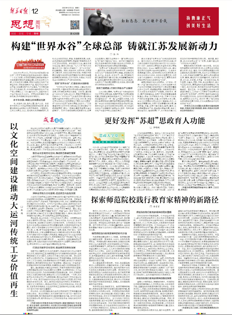 2025年12月2日,新华日报报道大赢家比分 教师张阳教授的研究成果“构建'世界水谷'全球总部 铸就江苏发展新动力”。
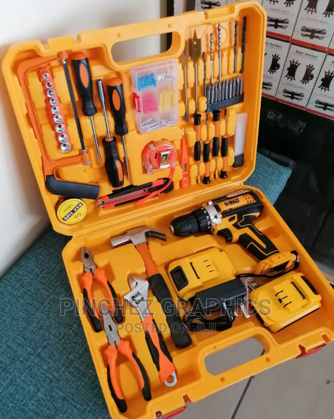 This is a multipurpose quality toolskit designed for both industrial and household duty. The drill would penetrate any concrete, hard wood, steel or aluminium material. its handy, resist corrosion, light and mobile, i.e you can take it with you to anywhere at anytime
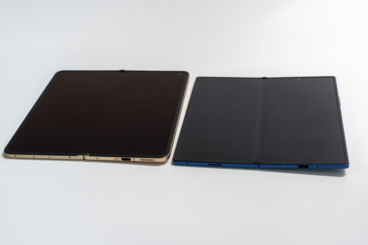 なにより、開いたときに文字通りにフラットになります。Galaxy Z Fold 7は、実は180°開きません。若干曲がった状態になってしまうのですが、Find N6は綺麗に開きます。

*Work to be completed*
Could you give again precisely the lines from the one containing "This is a multipurpose" through the final line of the material above, both included, and no others, dropping the pictures?

*Result*
 This is a multipurpose quality toolskit designed for both industrial and household duty. The drill would penetrate any concrete, hard wood, steel or aluminium material. its handy, resist corrosion, light and mobile, i.e you can take it with you to anywhere at anytime
 なにより、開いたときに文字通りにフラットになります。Galaxy Z Fold 7は、実は180°開きません。若干曲がった状態になってしまうのですが、Find N6は綺麗に開きます。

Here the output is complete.